» **Problem statement**
Leave the pictures out, and transcribe the material below exactly from the line with "As this lady" to the line with "今日早餐:黑咕隆咚粥+营养美学+藜蒿+牛肉冷片+拇指胡萝卜+一小个火腿月饼", both lines included.

» **Listed entries**
━━━━━━━━━━━━━━━━

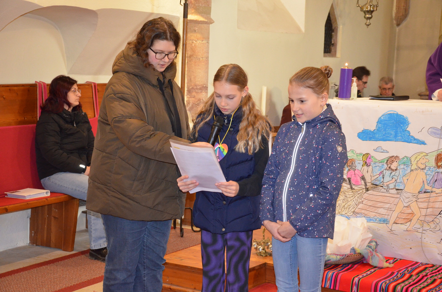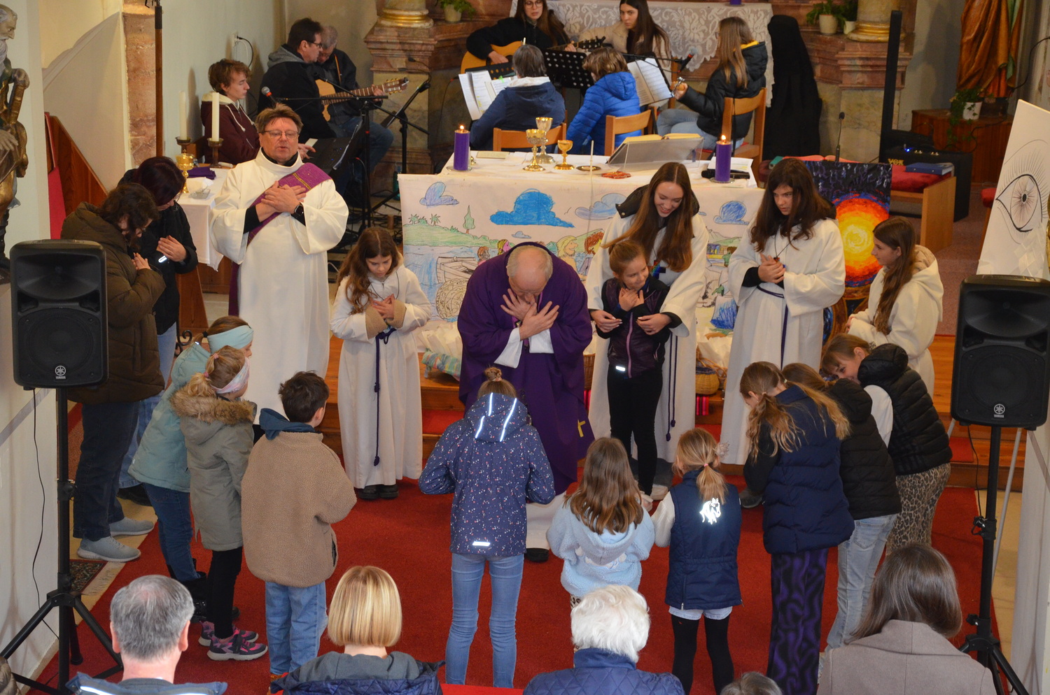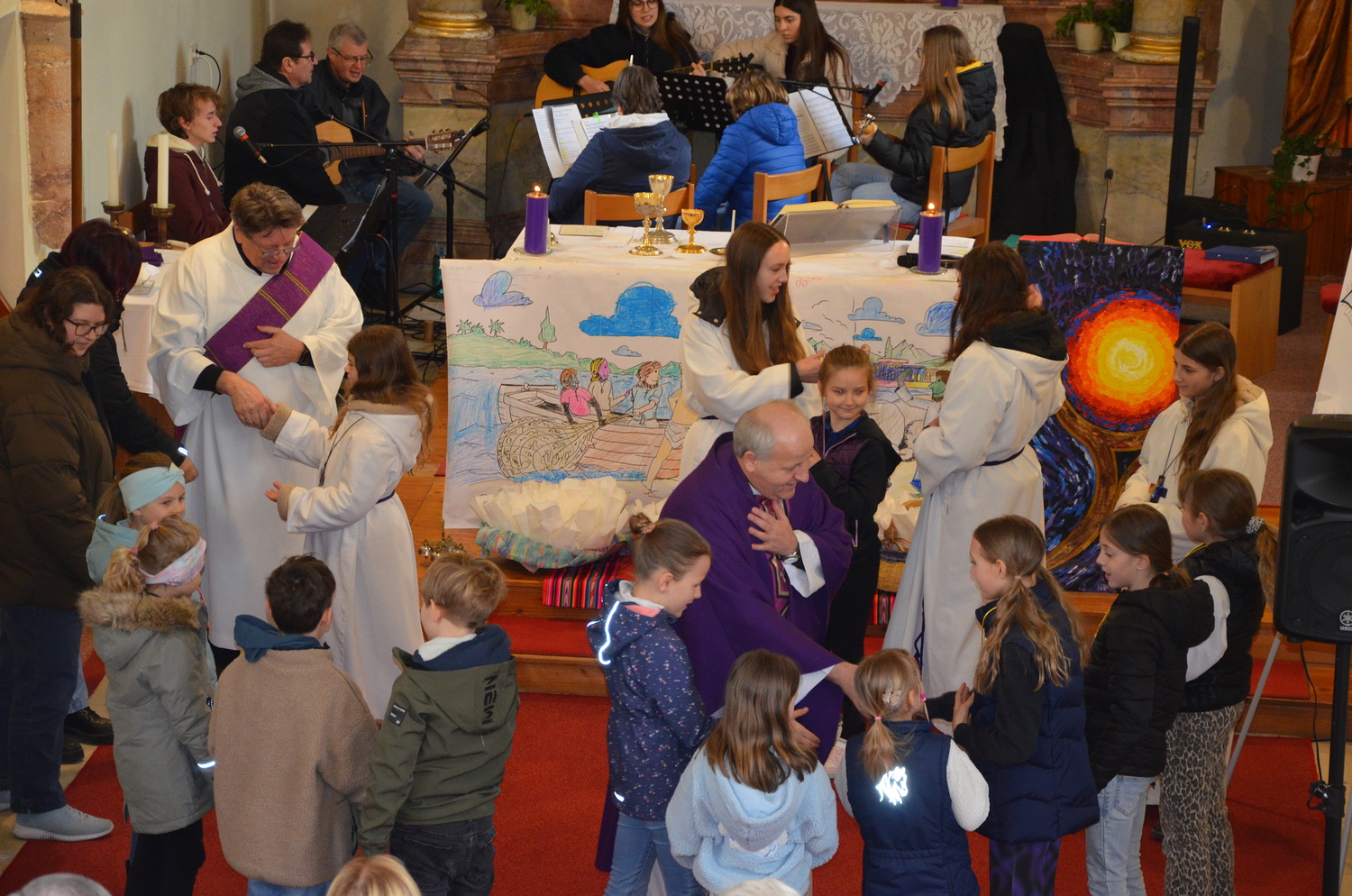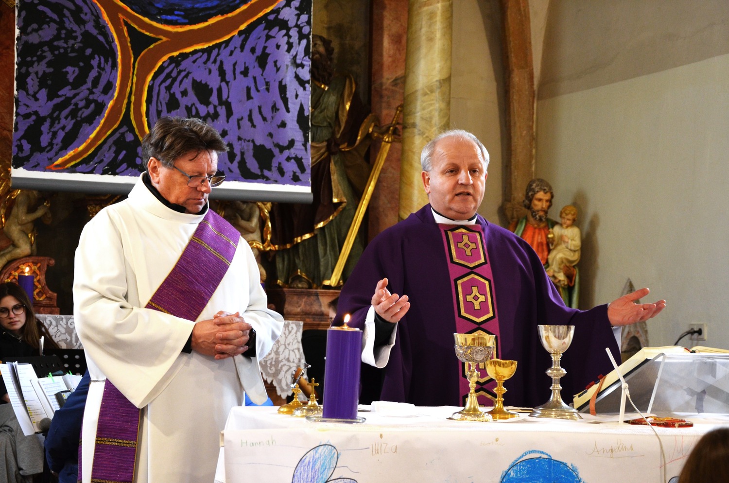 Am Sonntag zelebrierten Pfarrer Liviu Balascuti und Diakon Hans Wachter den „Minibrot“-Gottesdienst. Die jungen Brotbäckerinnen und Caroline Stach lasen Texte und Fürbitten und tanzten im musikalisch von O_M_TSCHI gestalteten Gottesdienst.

━━━━━━━━━━━━━━━━

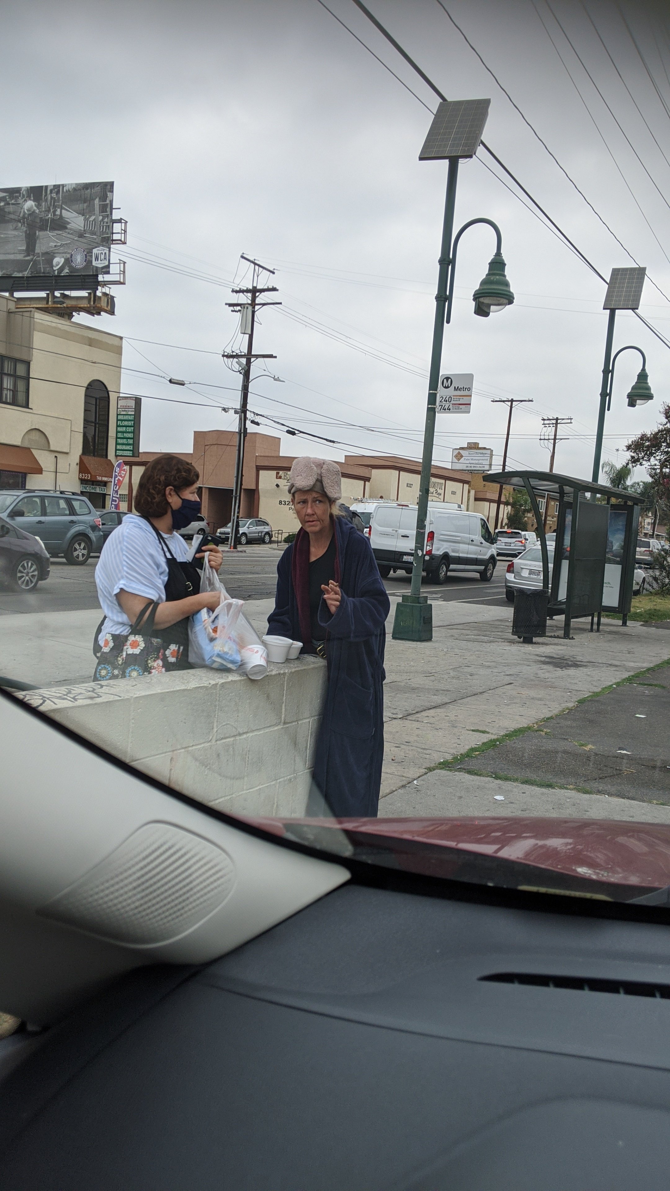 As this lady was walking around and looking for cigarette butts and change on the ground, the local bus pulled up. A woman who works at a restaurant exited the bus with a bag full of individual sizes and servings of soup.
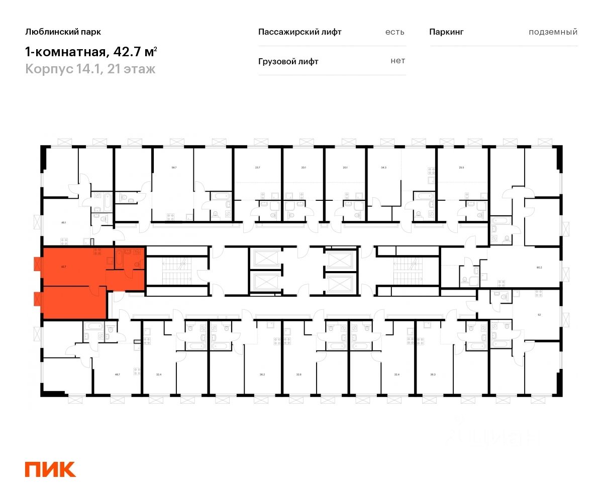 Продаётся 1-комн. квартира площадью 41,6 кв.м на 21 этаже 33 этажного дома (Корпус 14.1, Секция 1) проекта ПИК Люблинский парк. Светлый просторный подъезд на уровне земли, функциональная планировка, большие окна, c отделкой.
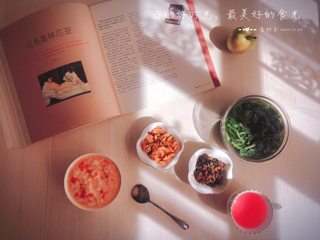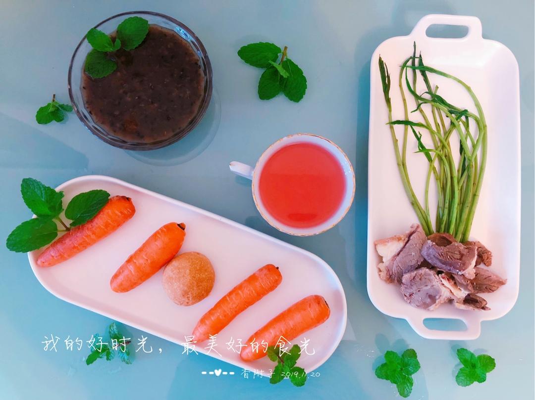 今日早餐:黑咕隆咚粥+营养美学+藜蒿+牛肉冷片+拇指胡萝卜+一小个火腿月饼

━━━━━━━━━━━━━━━━

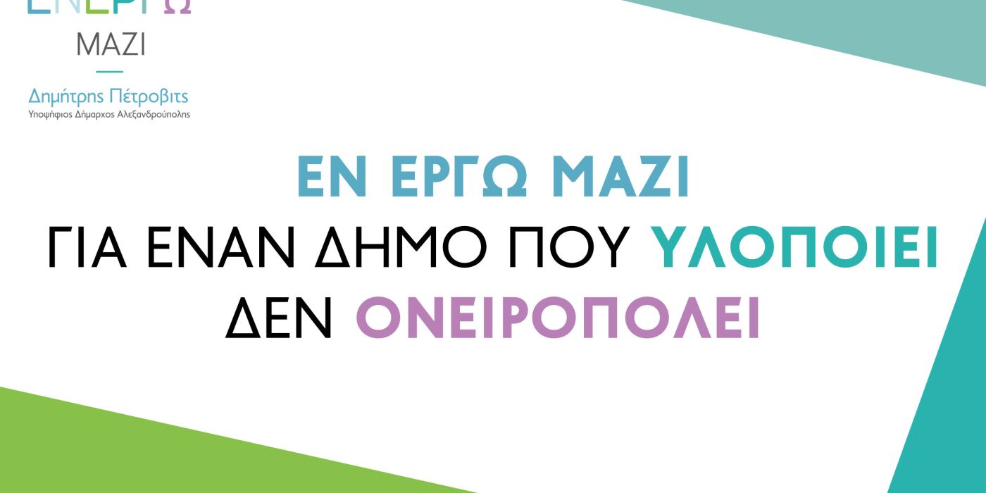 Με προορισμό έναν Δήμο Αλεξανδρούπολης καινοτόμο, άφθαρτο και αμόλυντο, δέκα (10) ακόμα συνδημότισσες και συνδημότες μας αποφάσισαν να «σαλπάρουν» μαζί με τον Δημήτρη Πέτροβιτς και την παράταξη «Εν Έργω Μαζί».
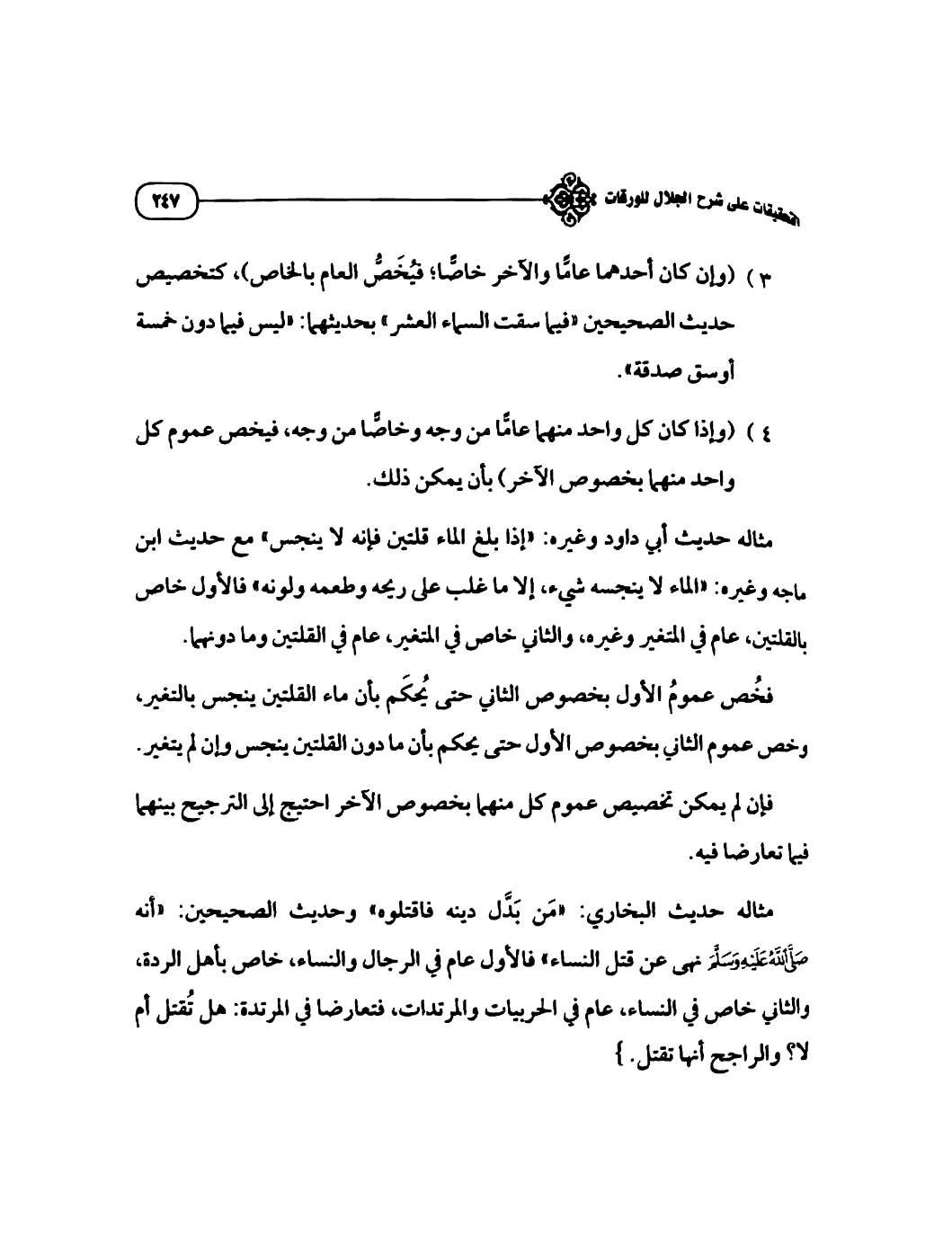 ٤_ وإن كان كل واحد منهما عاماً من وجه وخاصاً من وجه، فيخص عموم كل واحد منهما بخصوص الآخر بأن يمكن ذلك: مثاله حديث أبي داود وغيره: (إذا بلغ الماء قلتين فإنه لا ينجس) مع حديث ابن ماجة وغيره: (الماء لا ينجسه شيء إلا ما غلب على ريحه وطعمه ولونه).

━━━━━━━━━━━━━━━━

» **Result of this task**
 As this lady was walking around and looking for cigarette butts and change on the ground, the local bus pulled up. A woman who works at a restaurant exited the bus with a bag full of individual sizes and servings of soup.
 Продаётся 1-комн. квартира площадью 41,6 кв.м на 21 этаже 33 этажного дома (Корпус 14.1, Секция 1) проекта ПИК Люблинский парк. Светлый просторный подъезд на уровне земли, функциональная планировка, большие окна, c отделкой.
 今日早餐:黑咕隆咚粥+营养美学+藜蒿+牛肉冷片+拇指胡萝卜+一小个火腿月饼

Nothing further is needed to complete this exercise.